A Python module for programmatic access to TrypTag genome-wide subcellular protein localisation data in Trypanosoma brucei

Protein subcellular localisation is informative for understanding potential protein function, particularly in highly structured unicellular eukaryotes. Microscopy is especially powerful for interrogating localisation, providing high resolution single cell data about where a protein resides. We previously generated the TrypTag dataset - a genome-wide protein localisation resource for the human unicellular parasite Trypanosoma brucei using fluorescent protein tagging. This is a puissant dataset due to its scale: Originally captured with high content image analysis in mind, it is a formidable resource for machine learning or artificial intelligence tool development and testing.

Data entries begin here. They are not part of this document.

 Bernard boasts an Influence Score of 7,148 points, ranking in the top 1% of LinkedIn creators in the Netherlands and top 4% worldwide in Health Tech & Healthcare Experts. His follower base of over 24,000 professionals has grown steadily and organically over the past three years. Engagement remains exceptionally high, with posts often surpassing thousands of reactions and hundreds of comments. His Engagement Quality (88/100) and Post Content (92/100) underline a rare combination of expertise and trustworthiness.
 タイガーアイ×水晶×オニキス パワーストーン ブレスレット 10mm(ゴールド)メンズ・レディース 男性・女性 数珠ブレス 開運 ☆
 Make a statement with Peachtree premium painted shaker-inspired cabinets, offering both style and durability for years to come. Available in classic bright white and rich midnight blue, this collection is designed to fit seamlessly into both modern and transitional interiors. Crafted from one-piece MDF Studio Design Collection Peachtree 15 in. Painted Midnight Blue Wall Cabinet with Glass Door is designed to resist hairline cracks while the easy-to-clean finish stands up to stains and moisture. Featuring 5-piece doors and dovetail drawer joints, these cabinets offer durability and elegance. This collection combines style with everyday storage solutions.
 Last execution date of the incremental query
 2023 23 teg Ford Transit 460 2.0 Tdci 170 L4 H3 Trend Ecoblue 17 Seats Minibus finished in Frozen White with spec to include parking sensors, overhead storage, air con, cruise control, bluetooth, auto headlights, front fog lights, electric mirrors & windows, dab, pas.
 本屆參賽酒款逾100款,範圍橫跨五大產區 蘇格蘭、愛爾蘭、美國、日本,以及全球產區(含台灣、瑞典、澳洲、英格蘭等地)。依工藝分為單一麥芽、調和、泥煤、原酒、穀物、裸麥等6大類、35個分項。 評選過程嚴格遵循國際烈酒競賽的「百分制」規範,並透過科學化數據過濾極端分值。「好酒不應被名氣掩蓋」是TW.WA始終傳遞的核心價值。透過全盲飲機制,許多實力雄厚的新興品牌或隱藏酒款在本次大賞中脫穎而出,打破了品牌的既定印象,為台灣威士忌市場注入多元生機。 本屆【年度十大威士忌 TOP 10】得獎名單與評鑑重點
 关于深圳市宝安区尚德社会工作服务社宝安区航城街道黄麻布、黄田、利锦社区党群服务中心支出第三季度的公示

Here, we describe a Python module for programmatic access to this data rich resource. Images of each tagged cell line, together with segmented cell masks, can be accessed arbitrarily by gene ID and tagging terminus, the database can be searched by protein localisation, and tools are provided to assist foundational image analysis of individual T. brucei cell cycle stage and morphology. We stress-tested this tool by using it to examine a key feature of T. brucei morphogenesis during division: The old and newly formed flagellum and associated organelles tend to have different protein compositions, and using the TrypTag toolkit we show that there is extensive age-based differential content of these organelles while the daughter nuclei completely lack such asymmetry.